*Required action*:
In your copy of the data, keep every word exact and include no pictures.

*Recorded information*:

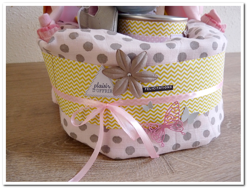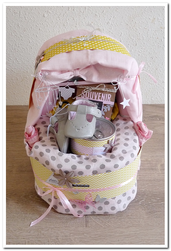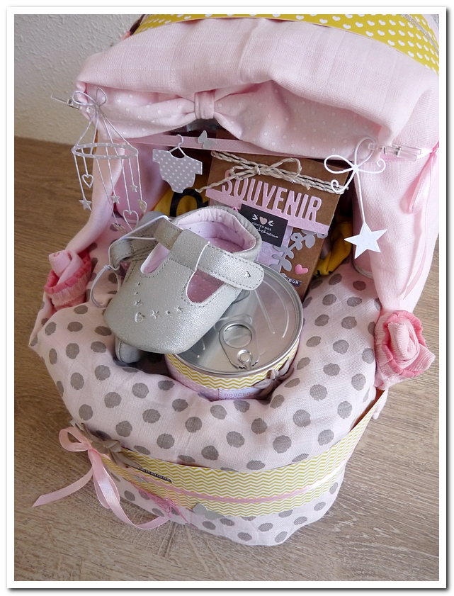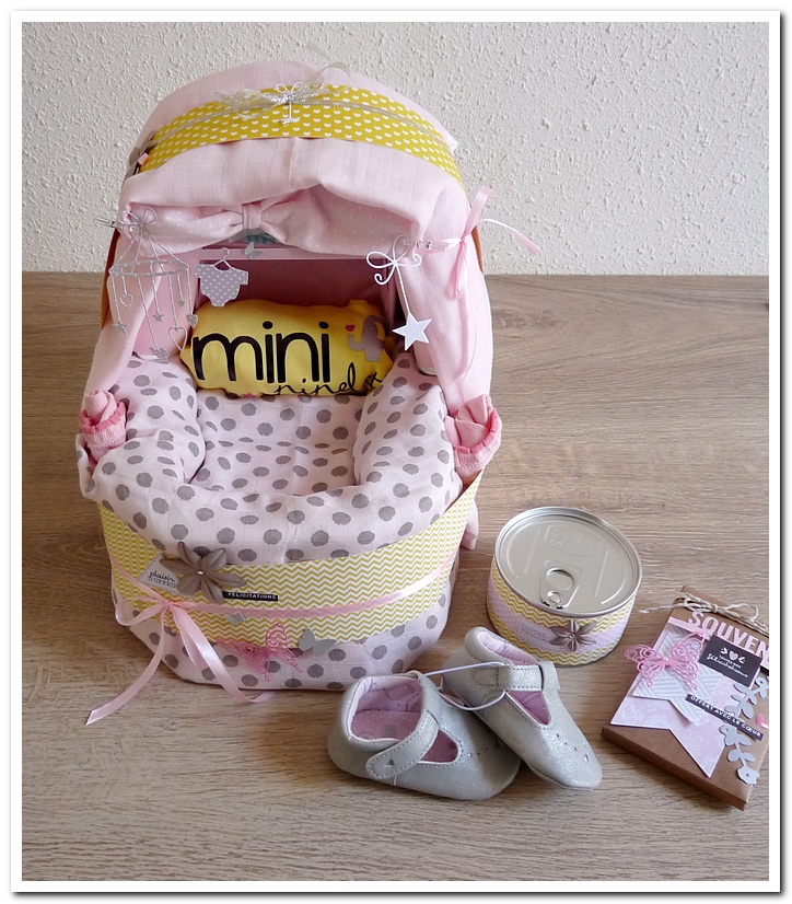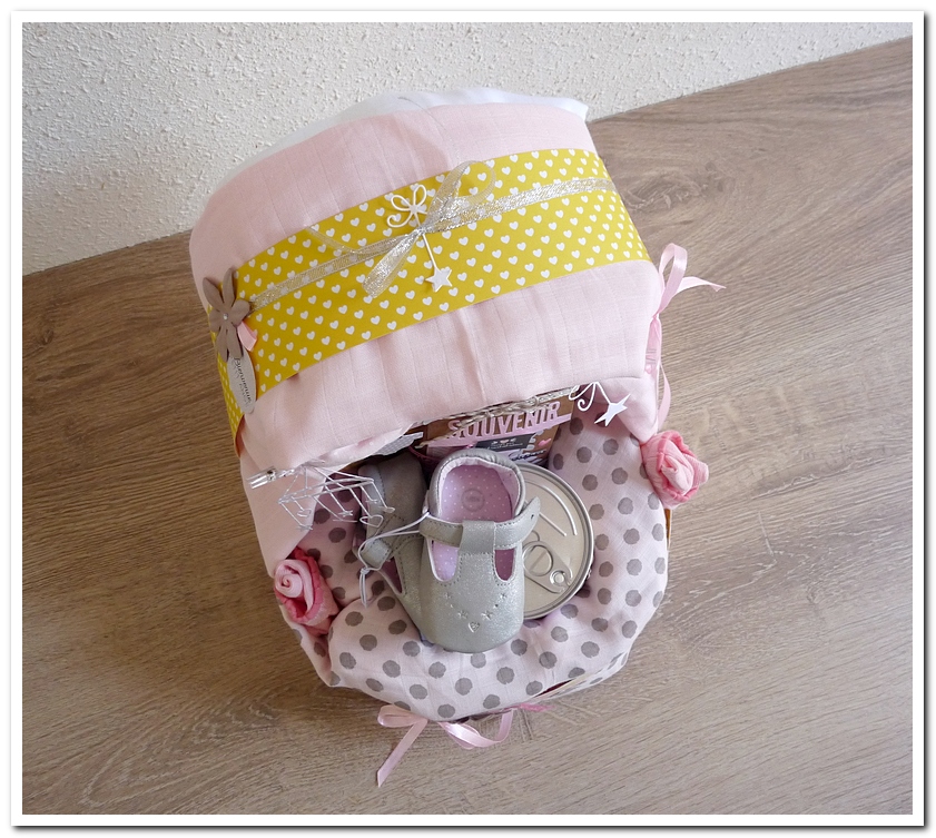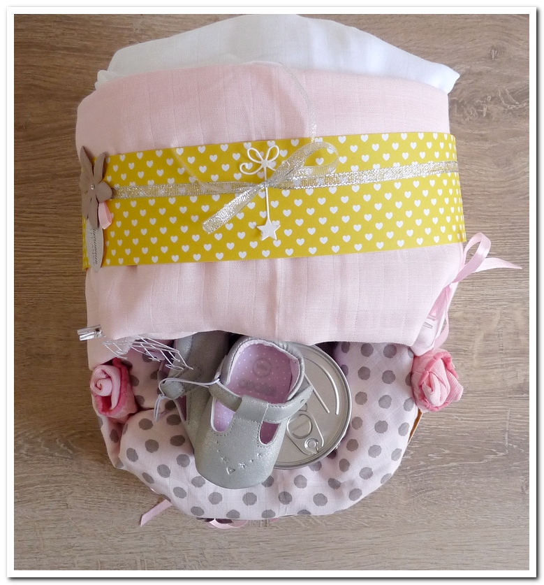 gâteau de couches, forme landeau lit, cadeau de naissance, fille, garçon, girly, rose, jaune, gris, grège, beige, neutre, douceur, doux, Klara.
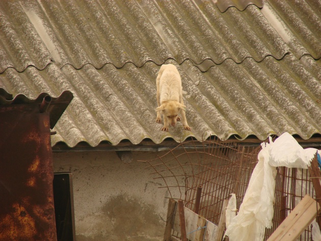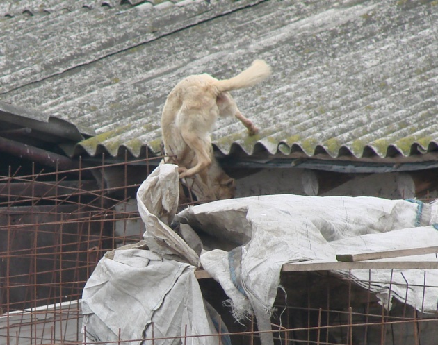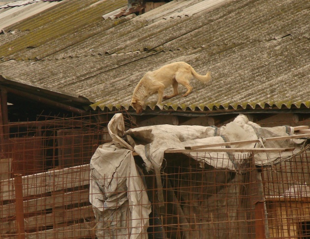 Un alt câine a scăpat din captivitate, s-a căţărat pe acoperişul din tablă al adăpostului şi bântuia în căutare de hrană.
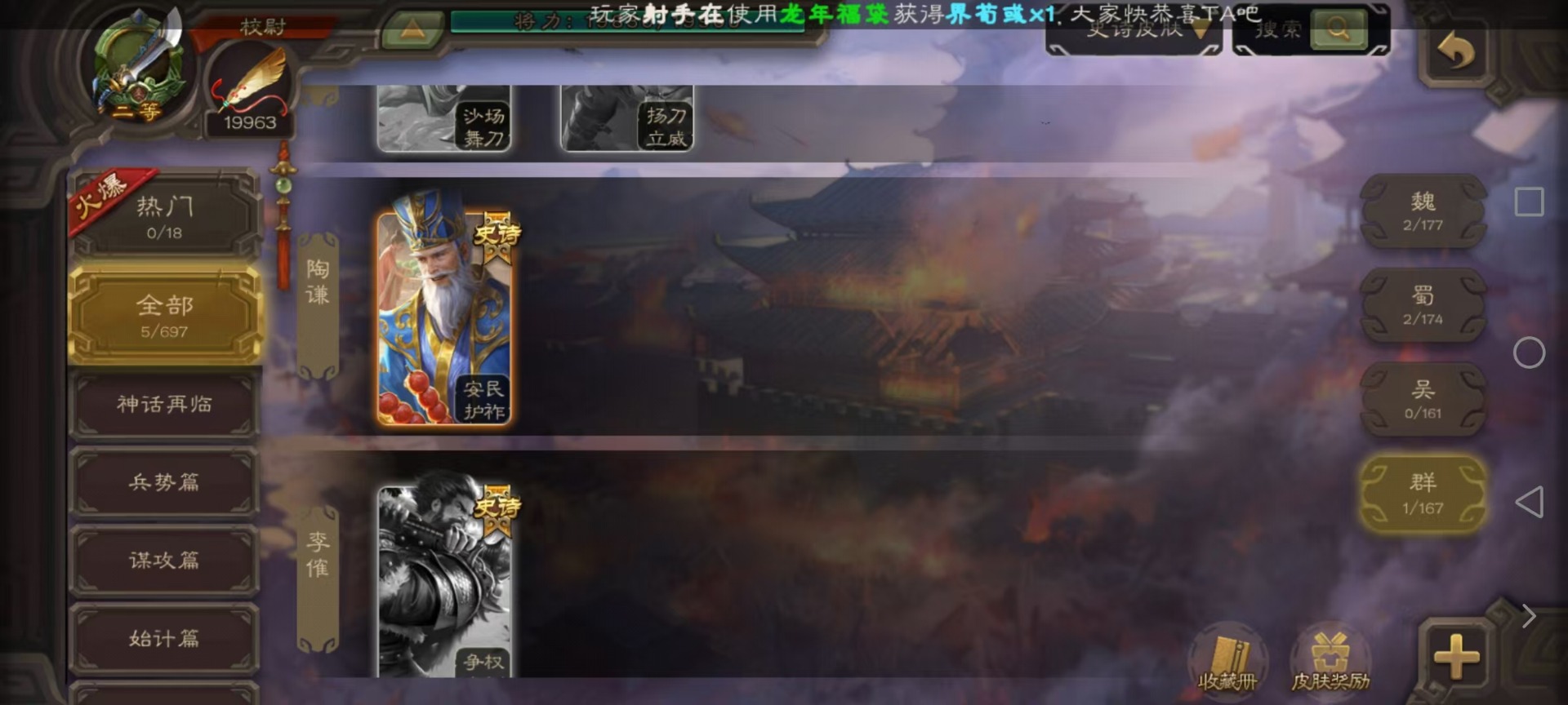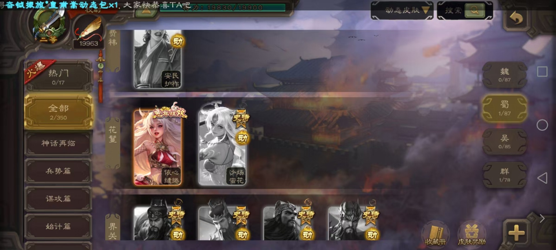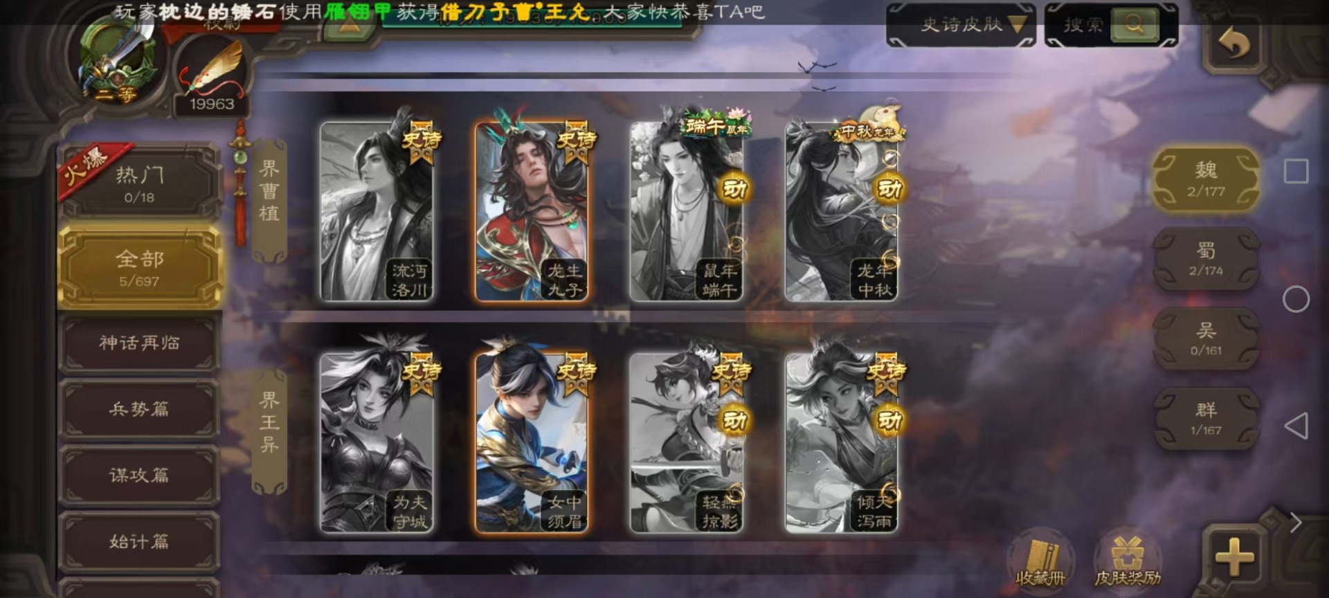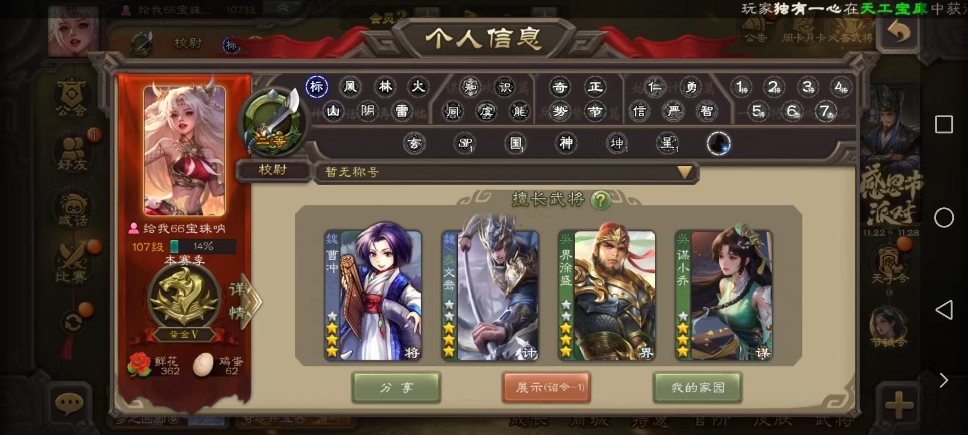 [16342731]vip2 校尉 115武将 2动态皮肤 2史诗武将 【魏国武将】:甄姬司马懿许褚夏侯惇郭嘉曹仁曹操张辽 【吴国武将】:文鸯界徐盛

*Response for this exercise*:
 gâteau de couches, forme landeau lit, cadeau de naissance, fille, garçon, girly, rose, jaune, gris, grège, beige, neutre, douceur, doux, Klara.
 Un alt câine a scăpat din captivitate, s-a căţărat pe acoperişul din tablă al adăpostului şi bântuia în căutare de hrană.
 [16342731]vip2 校尉 115武将 2动态皮肤 2史诗武将 【魏国武将】:甄姬司马懿许褚夏侯惇郭嘉曹仁曹操张辽 【吴国武将】:文鸯界徐盛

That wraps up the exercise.